**PROBLEM TO SOLVE:** What are the lines, copied exactly, from the one containing "Ông Hoàng Văn" through the final line of the material? Leave the pictures out.

------------------------------------------------------------------------

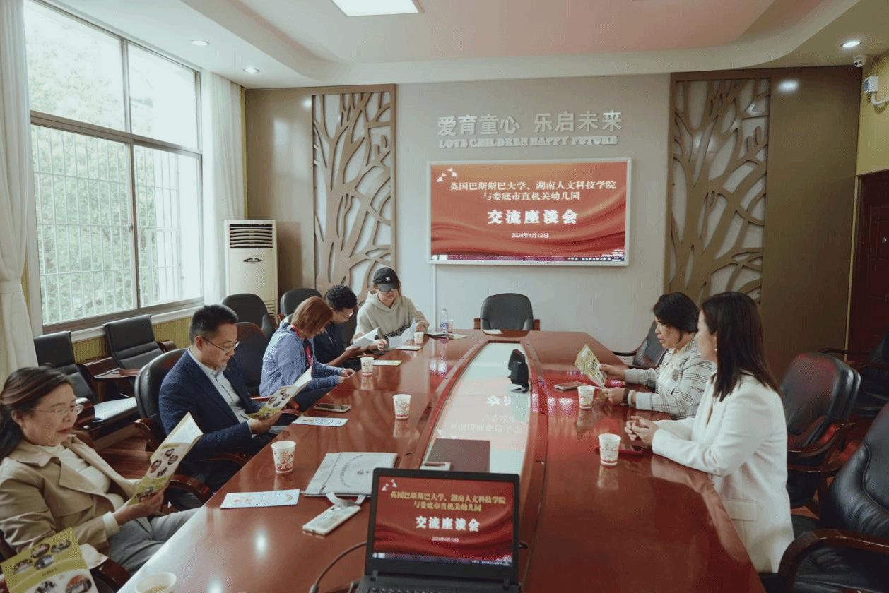 4月12日,教育学院副院长刘黎明、学前教育教研室主任赵艳红、教师代表文思婕,国际合作与交流中心肖湘辰,巴斯斯巴大学教师Shaddai、Karen一同前往学院实习实训基地娄底市机关幼儿园、恩雅幼儿园和凤鸣谷自然学校等地参观交流。
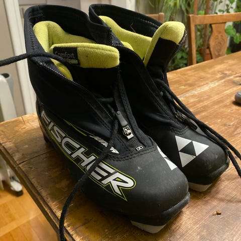 Fischer XC Ultimate skisko i størrelse 39. Skiskoene er svarte med gule detaljer og har glidelås foran. Egnet for langrenn og andre skiaktiviteter.
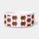 Uma tigela de estimação personalizada com um arco festivo de Natal em vermelho e ouro. Cercados por flores de poinsettia, pinheiro e decorações de Natal.
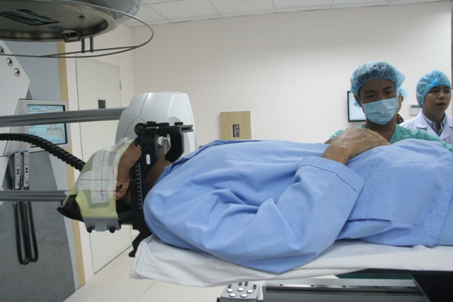 Ông Hoàng Văn V. (65 tuổi, đến từ Hà Nội) bị khối u ở góc cầu tiểu não đang được xạ trị máy Axesse Elekta tại BV Trung ương Huế
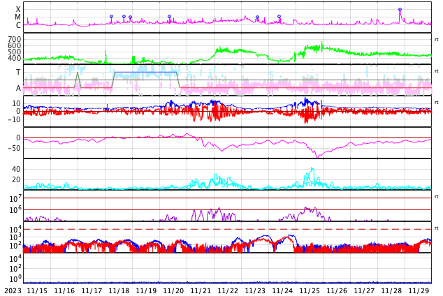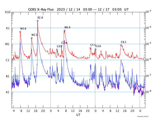 GOES衛星の太陽X線強度。赤・橙 = 0.1〜0.8 nm、青・紫 = 0.05〜0.4 nm (c) データ:NOAA/SWPC、作図:宇宙天気ニュース ![]() | ||||||||||||||||||||||||||||||||||||||||||||||||||||||||||||||||||||||||||||||||||||||||||||||||||||||||||||||||||||||||||||||||||||||||||||||||||||||||||||||||||||||||||||||||||||||||||||||||||||||||||||||||||||||||||||||||||||||||||||||||||||||||||||||||||||||||||||||||||||||||||||||||||||||||||||||||
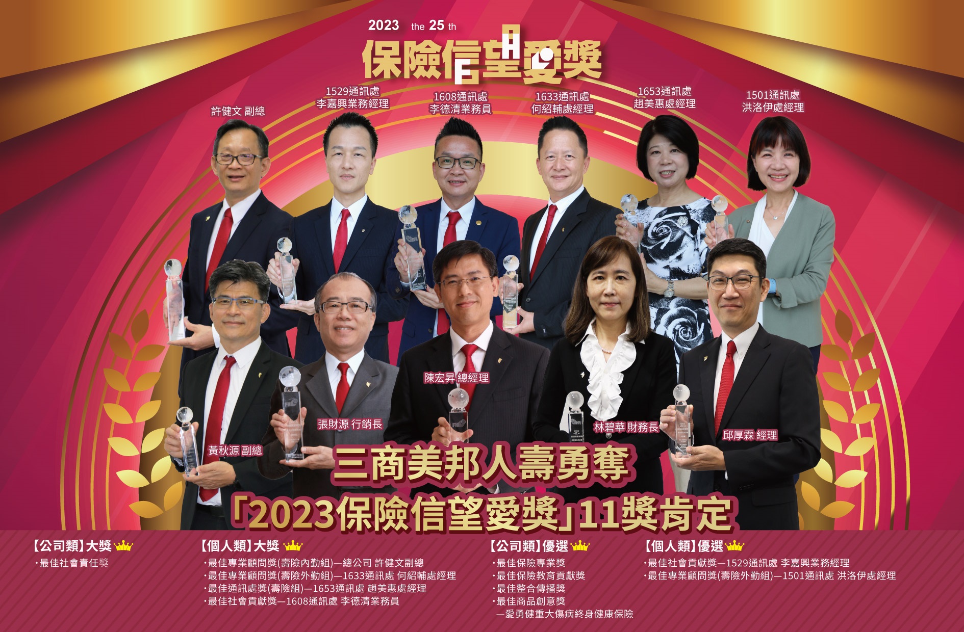 公司榮獲「2023年第25屆保險信望愛獎」公司及個人類11項獎肯定,代表公司在推動社會福祉、保險教育和商品創新所取得的卓越成就,而第一線業務人員的優異表現,更展現了我們在保險業界的領導地位。未來公司將持續以「專注經營,穩健成長」為中長期經營主軸,並以「穩健財務、專精通路、數位轉型、擦亮品牌、贏得客戶」等五大策略,持續深耕國內市場,繼續朝向下一個三十年邁進。
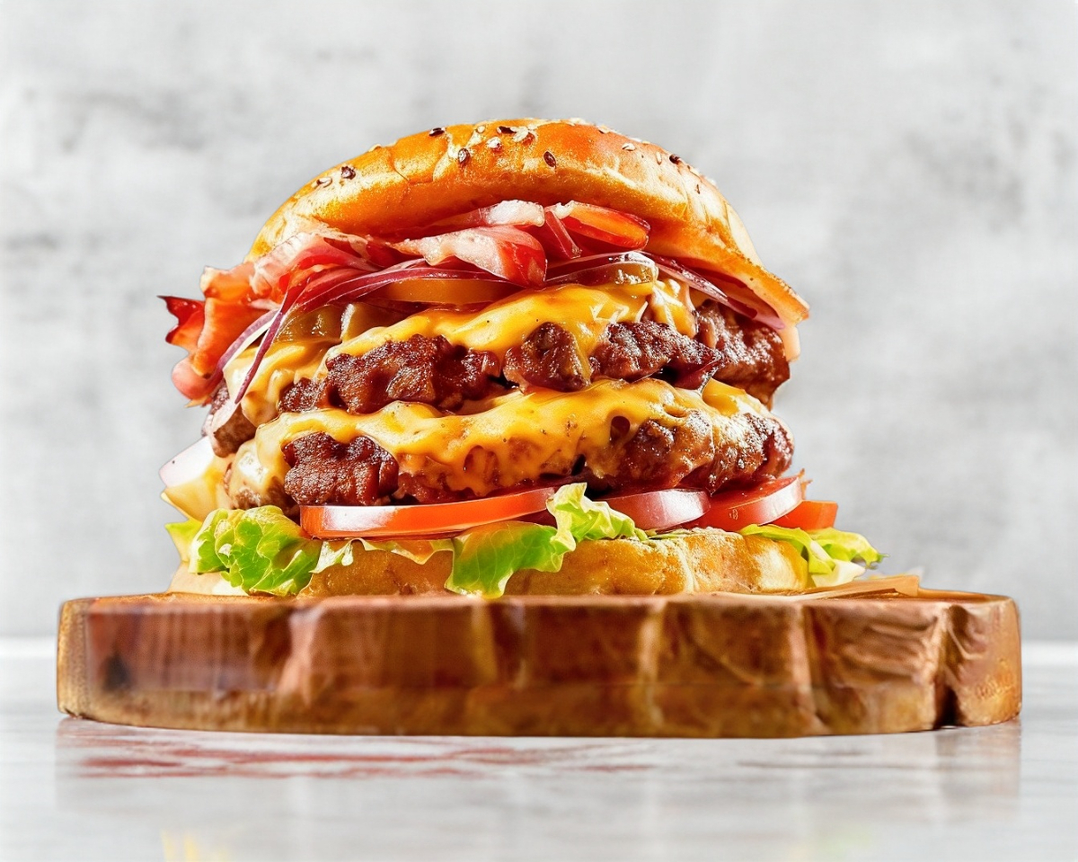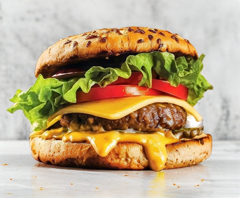 Hamburguesa Doble Pan artesanal, lechuga, jitomate, cebolla, aderezo, mostaza y dos buenas porciones de carne de res. ¡Para los de buen diente!
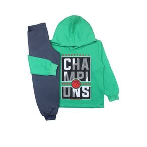 Conjunto Moletom Flanelado Menino Blusa com Capuz Verde claro e Cinza - Conjunto Moletom Flanelado Menino: Blusa com Capuz Verde claro e Cinza - Estilo e Conforto em Moda Infantil Larthani

------------------------------------------------------------------------

**TASK SOLUTION:**
 Ông Hoàng Văn V. (65 tuổi, đến từ Hà Nội) bị khối u ở góc cầu tiểu não đang được xạ trị máy Axesse Elekta tại BV Trung ương Huế
 GOES衛星の太陽X線強度。赤・橙 = 0.1〜0.8 nm、青・紫 = 0.05〜0.4 nm (c) データ:NOAA/SWPC、作図:宇宙天気ニュース ![]() | ||||||||||||||||||||||||||||||||||||||||||||||||||||||||||||||||||||||||||||||||||||||||||||||||||||||||||||||||||||||||||||||||||||||||||||||||||||||||||||||||||||||||||||||||||||||||||||||||||||||||||||||||||||||||||||||||||||||||||||||||||||||||||||||||||||||||||||||||||||||||||||||||||||||||||||||||
 公司榮獲「2023年第25屆保險信望愛獎」公司及個人類11項獎肯定,代表公司在推動社會福祉、保險教育和商品創新所取得的卓越成就,而第一線業務人員的優異表現,更展現了我們在保險業界的領導地位。未來公司將持續以「專注經營,穩健成長」為中長期經營主軸,並以「穩健財務、專精通路、數位轉型、擦亮品牌、贏得客戶」等五大策略,持續深耕國內市場,繼續朝向下一個三十年邁進。
 Hamburguesa Doble Pan artesanal, lechuga, jitomate, cebolla, aderezo, mostaza y dos buenas porciones de carne de res. ¡Para los de buen diente!
 Conjunto Moletom Flanelado Menino Blusa com Capuz Verde claro e Cinza - Conjunto Moletom Flanelado Menino: Blusa com Capuz Verde claro e Cinza - Estilo e Conforto em Moda Infantil Larthani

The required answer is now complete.